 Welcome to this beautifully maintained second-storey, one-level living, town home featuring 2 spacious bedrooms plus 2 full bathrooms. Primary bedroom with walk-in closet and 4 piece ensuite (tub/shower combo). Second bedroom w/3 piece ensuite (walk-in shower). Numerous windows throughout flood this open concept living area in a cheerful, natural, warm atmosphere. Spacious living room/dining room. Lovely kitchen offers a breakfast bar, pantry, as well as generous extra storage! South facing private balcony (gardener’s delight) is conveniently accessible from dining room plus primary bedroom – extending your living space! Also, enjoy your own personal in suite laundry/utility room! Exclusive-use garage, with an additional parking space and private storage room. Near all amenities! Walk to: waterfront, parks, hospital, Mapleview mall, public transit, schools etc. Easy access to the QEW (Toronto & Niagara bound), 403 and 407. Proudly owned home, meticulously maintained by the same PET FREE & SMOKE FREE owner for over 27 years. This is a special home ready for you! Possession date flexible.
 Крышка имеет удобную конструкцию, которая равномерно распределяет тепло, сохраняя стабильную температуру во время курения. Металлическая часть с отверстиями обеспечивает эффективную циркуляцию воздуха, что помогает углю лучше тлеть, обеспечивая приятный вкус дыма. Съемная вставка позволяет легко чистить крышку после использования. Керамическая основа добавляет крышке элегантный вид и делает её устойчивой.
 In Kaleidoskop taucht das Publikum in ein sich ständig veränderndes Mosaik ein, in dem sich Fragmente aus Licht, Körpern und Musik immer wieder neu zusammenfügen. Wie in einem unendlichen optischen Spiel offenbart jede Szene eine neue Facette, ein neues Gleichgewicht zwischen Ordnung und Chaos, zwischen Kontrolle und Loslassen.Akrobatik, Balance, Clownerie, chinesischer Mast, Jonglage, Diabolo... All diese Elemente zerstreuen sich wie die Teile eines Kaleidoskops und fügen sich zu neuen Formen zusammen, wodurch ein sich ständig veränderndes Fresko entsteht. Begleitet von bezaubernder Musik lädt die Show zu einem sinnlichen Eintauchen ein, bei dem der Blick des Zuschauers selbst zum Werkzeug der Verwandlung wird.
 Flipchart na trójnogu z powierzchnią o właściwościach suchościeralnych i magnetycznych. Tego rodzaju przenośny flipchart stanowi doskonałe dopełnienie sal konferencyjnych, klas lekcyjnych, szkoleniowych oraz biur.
---
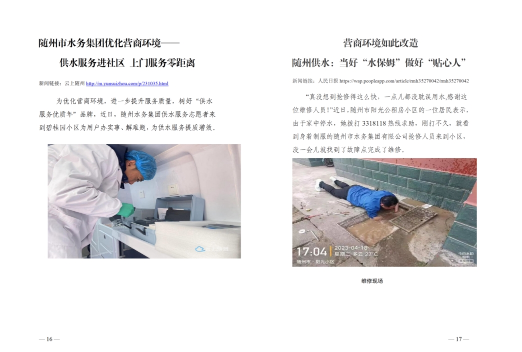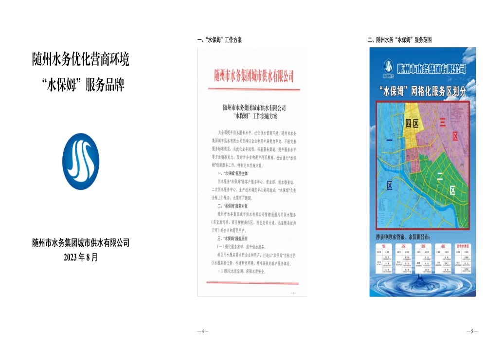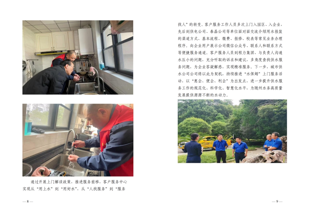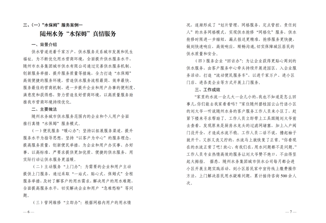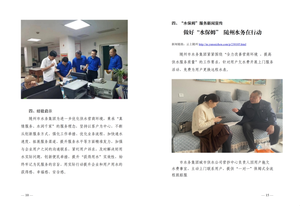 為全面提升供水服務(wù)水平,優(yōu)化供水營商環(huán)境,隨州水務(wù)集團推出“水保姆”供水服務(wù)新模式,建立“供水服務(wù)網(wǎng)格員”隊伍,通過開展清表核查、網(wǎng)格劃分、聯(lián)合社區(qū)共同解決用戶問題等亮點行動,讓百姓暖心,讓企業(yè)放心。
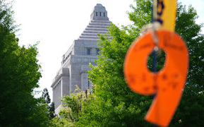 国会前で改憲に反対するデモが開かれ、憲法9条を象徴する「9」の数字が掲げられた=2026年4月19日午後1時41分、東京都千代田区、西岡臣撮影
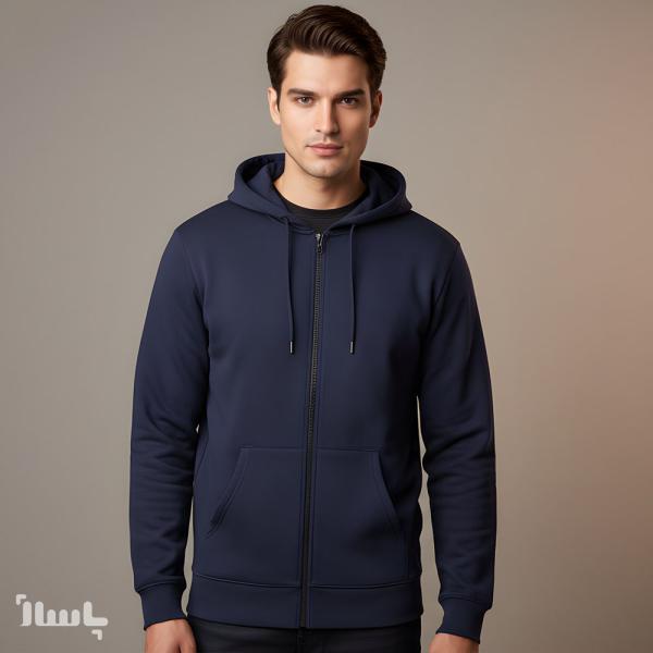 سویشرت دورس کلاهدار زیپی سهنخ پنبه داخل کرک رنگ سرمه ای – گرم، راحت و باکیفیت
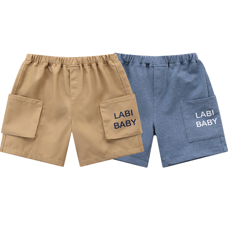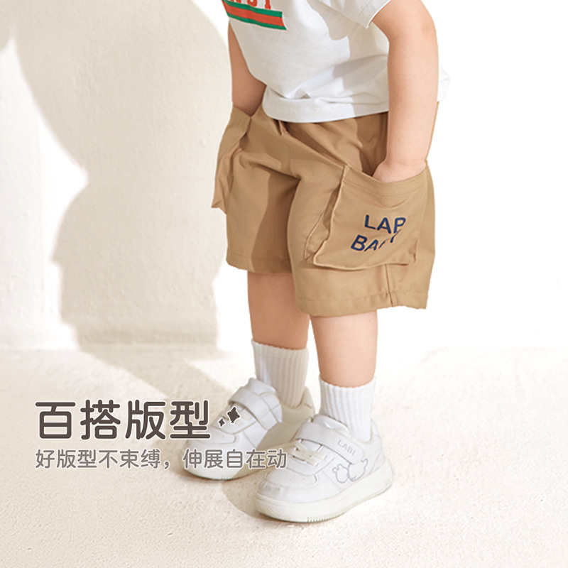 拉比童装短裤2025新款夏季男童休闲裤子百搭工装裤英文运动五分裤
---
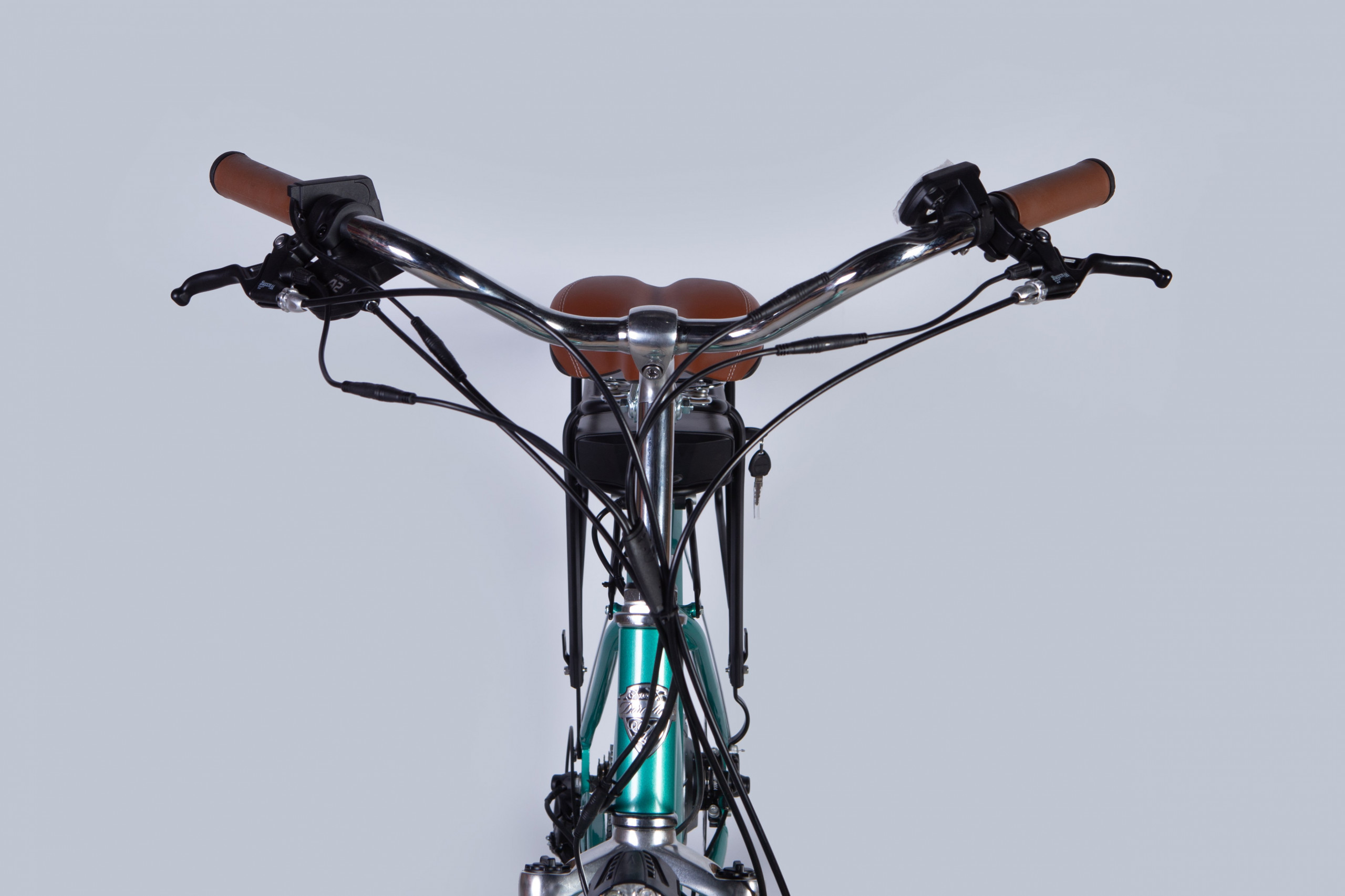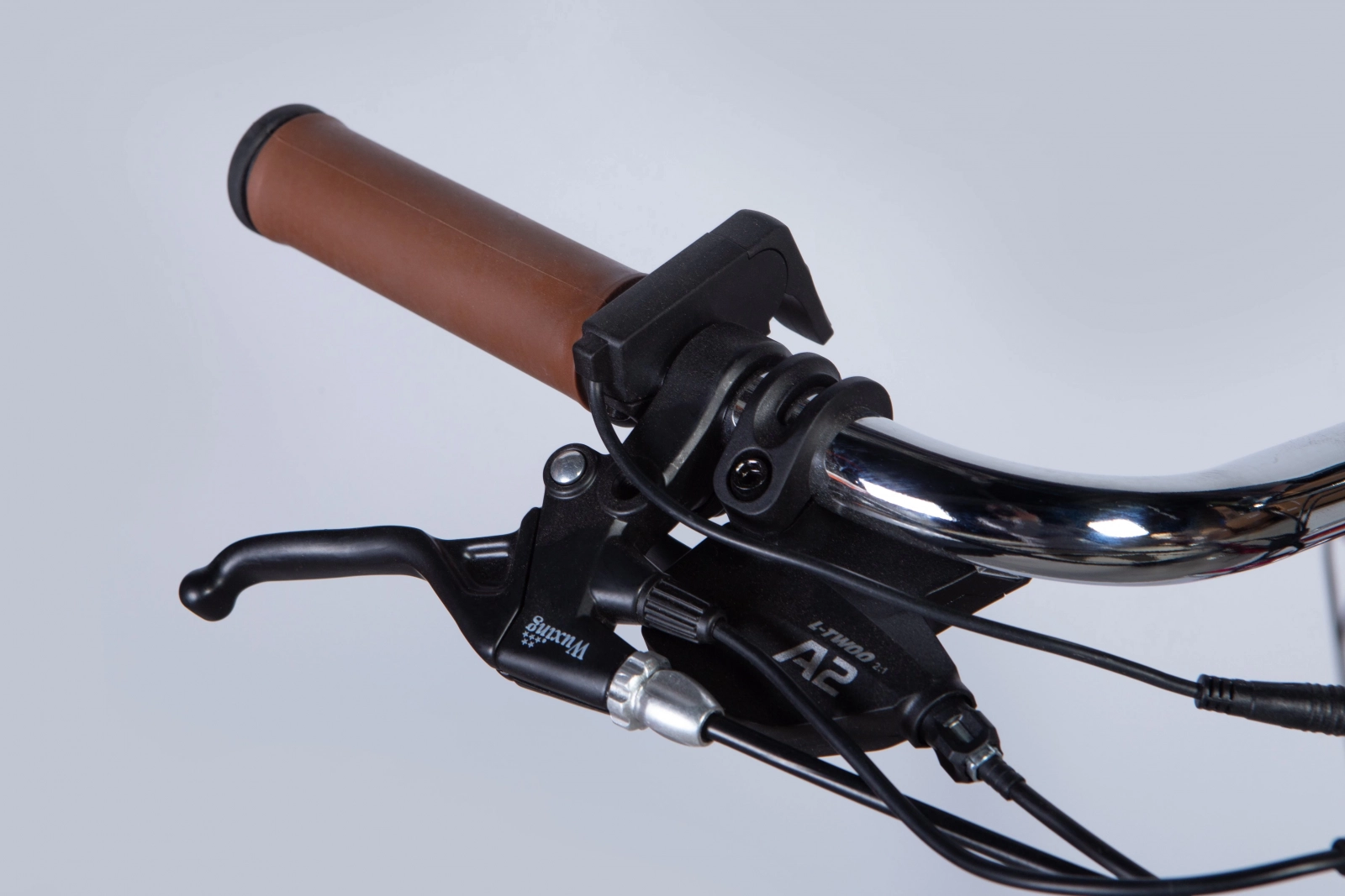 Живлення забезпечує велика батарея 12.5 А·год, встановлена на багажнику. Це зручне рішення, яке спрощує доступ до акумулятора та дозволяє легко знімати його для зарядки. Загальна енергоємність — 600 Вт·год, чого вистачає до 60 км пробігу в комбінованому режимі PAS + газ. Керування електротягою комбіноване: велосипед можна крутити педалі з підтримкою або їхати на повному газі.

* [Problem to work on]
In the entries above, find the line containing "سویشرت دورس کلاهدار" and the line containing "拉比童装短裤2025新款夏季男童休闲裤子百搭工装裤英文运动五分裤"; give again exactly those two lines and every line between them, minus the pictures.

* [Answer to this exercise]
 سویشرت دورس کلاهدار زیپی سهنخ پنبه داخل کرک رنگ سرمه ای – گرم، راحت و باکیفیت
 拉比童装短裤2025新款夏季男童休闲裤子百搭工装裤英文运动五分裤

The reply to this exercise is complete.